No início do século 12, os normandos derrubaram os árabes na Sicília. Palermo tinha se tornado uma encruzilhada para viajantes e comerciantes de muitas nações e o rei normando Roger II, tendo grande interesse em geografia, encomendou a criação de um livro e um mapa que compilaria toda essa riqueza de informações geográficas. Pesquisadores foram enviados e a coleta de dados durou 15 anos. [52] Al-Idrisi, um dos poucos árabes que já estiveram na França e na Inglaterra, bem como na Espanha, Ásia Central e Constantinopla, foi contratado para criar o livro a partir dessa massa de dados. Utilizando as informações herdadas dos geógrafos clássicos, ele criou um dos mapas mais precisos do mundo até hoje, a Tabula Rogeriana (1154). O mapa, escrito em árabe, mostra o continente eurasiático em sua totalidade e a parte norte da África.

Um adepto do determinismo ambiental foi o escritor afro-árabe medieval al-Jahiz (776-869), que explicou como o ambiente pode determinar as características físicas dos habitantes de uma determinada comunidade. Ele usou sua teoria da evolução inicial para explicar as origens das diferentes cores da pele humana, particularmente a pele negra, que ele acreditava ser o resultado do meio ambiente. Ele citou uma região pedregosa de basalto negro no norte de Najd como evidência de sua teoria. [53]

Europa Medieval Editar

Durante a Idade Média, o conhecimento geográfico na Europa regrediu (embora seja um engano popular pensar que o mundo era plano), e o mapa T e O simples tornou-se a representação padrão do mundo.

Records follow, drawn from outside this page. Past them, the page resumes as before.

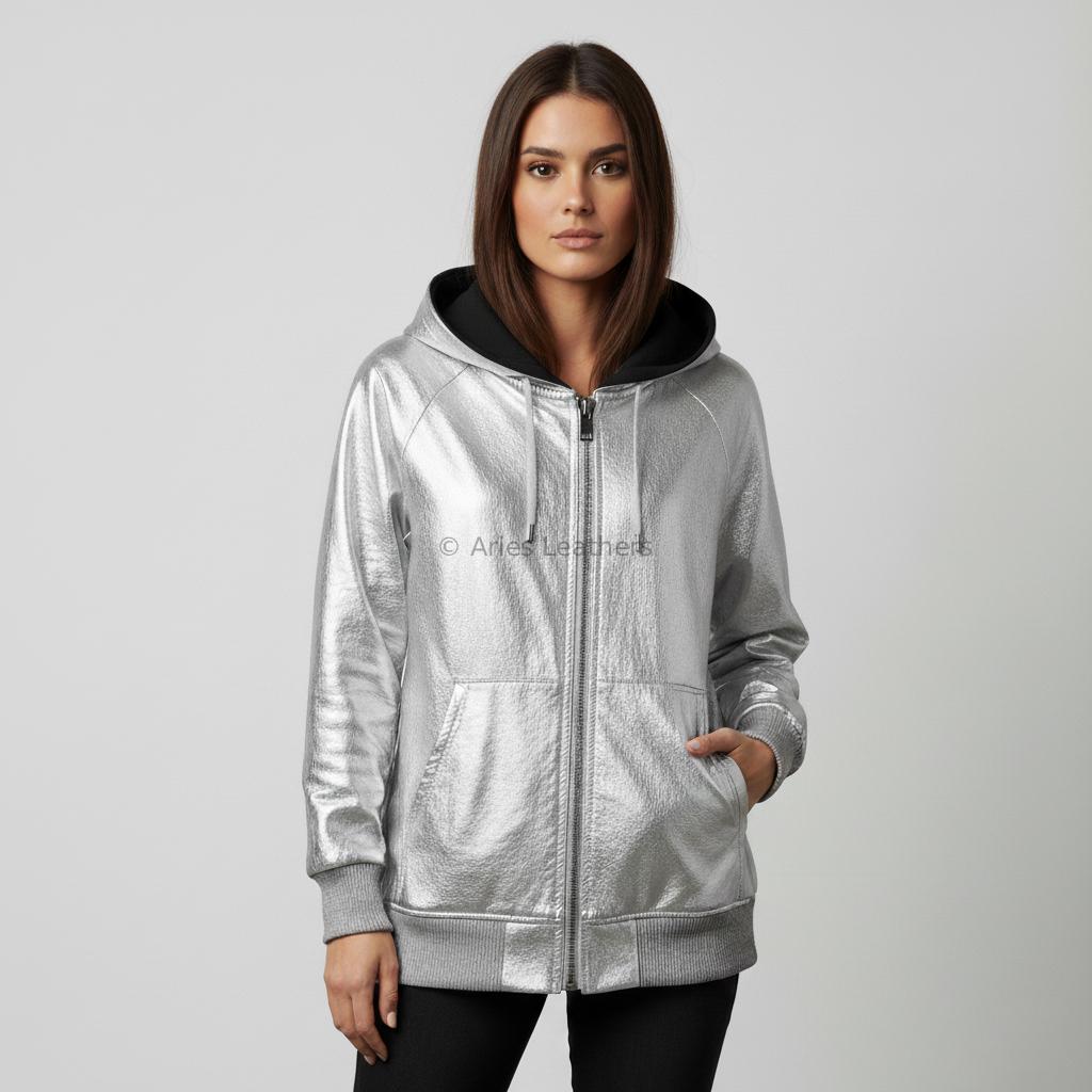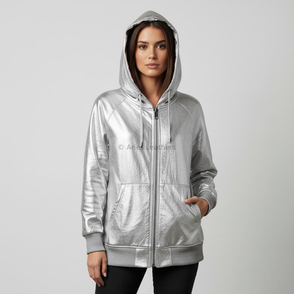 π MAKE A BOLD STATEMENT WITH THIS STUNNING SILVER METALLIC LEATHER HOODIE π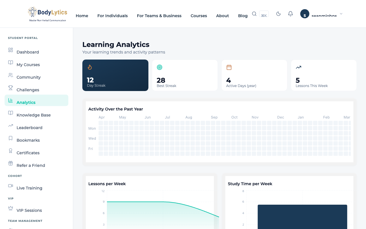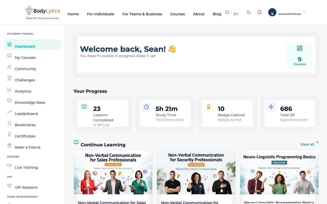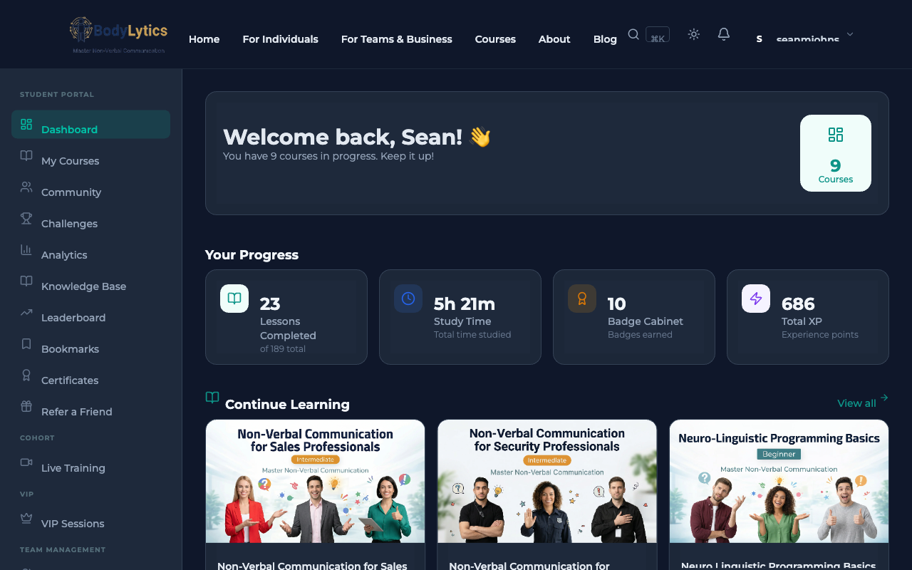 Welcome to BodyLytics Academy — a premium learning platform designed to help you master the art and science of non-verbal communication. Whether you're here to improve your professional presence, understand micro-expressions, or develop advanced NLP techniques, this platform has been built from the ground up to make your learning experience engaging, interactive, and effective.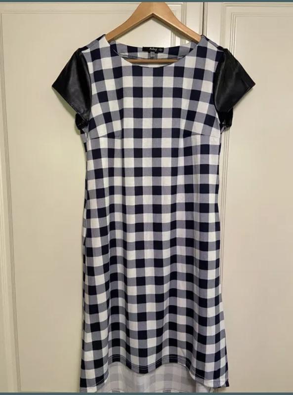 Платье с интересным дизайном, спереди чуть выше колен (на рост 173см), сзади чуть длинее с закруглённым низом, клетка темно - синяя, рукав под искусственную кожу. Немного оверзайз. в отличном состоянии!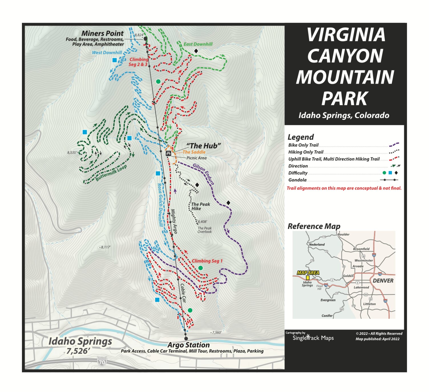 A new gondola attraction in Idaho Springs with mountain access for hiking + downhill riding. Official messaging: opening spring 2026.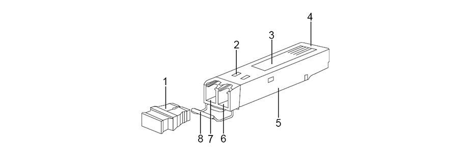 8.Pull Tab: Used for inserting and removing the optical module, and to aid in quick identification, pull tab colors may vary for different wavelength bands.
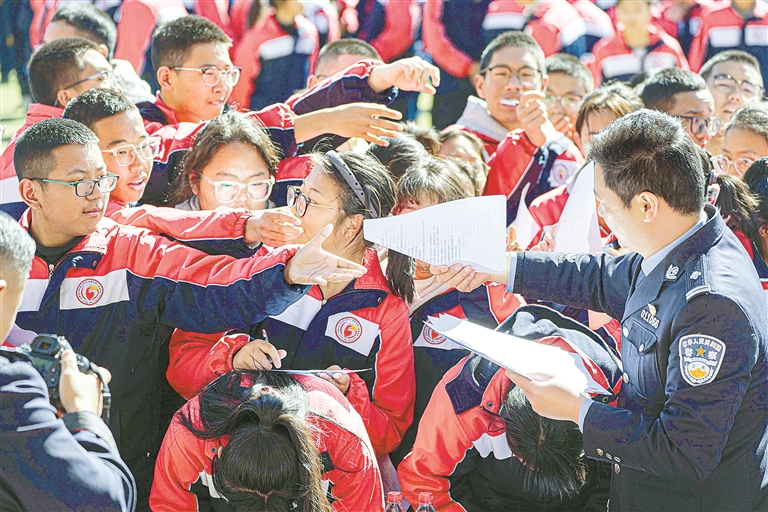 圖為我區“開學第一課”網絡普法進校園活動中,民警為學生發放普法宣傳知識手冊(資料圖片)。本報記者 貢曲羅杰 攝

As viagens do explorador veneziano Marco Polo ao longo do Império Mongol no século 13, as Cruzadas Cristãs dos séculos 12 e 13 e as viagens de exploração portuguesas e espanholas durante os séculos 15 e 16 abriram novos horizontes e estimularam a escrita geográfica. Os mongóis também tinham amplo conhecimento da geografia da Europa e da Ásia, com base em seu governo e governo de grande parte desta área e usavam essas informações para a realização de grandes expedições militares. A evidência disso é encontrada em recursos históricos como A História Secreta dos Mongóis e outras crônicas persas escritas nos séculos XIII e XIV. Por exemplo, durante o governo da Grande Dinastia Yuan, um mapa do mundo foi criado e atualmente é mantido na Coreia do Sul. Veja também: Mapas da Dinastia Yuan

Durante o século XV, Henrique, o Navegador de Portugal, apoiou as explorações da costa africana e tornou-se um líder na promoção dos estudos geográficos. Entre os relatos mais notáveis ​​de viagens e descobertas publicadas durante o século 16 estavam os de Giambattista Ramusio em Veneza, de Richard Hakluyt na Inglaterra e de Theodore de Bry no que hoje é a Bélgica.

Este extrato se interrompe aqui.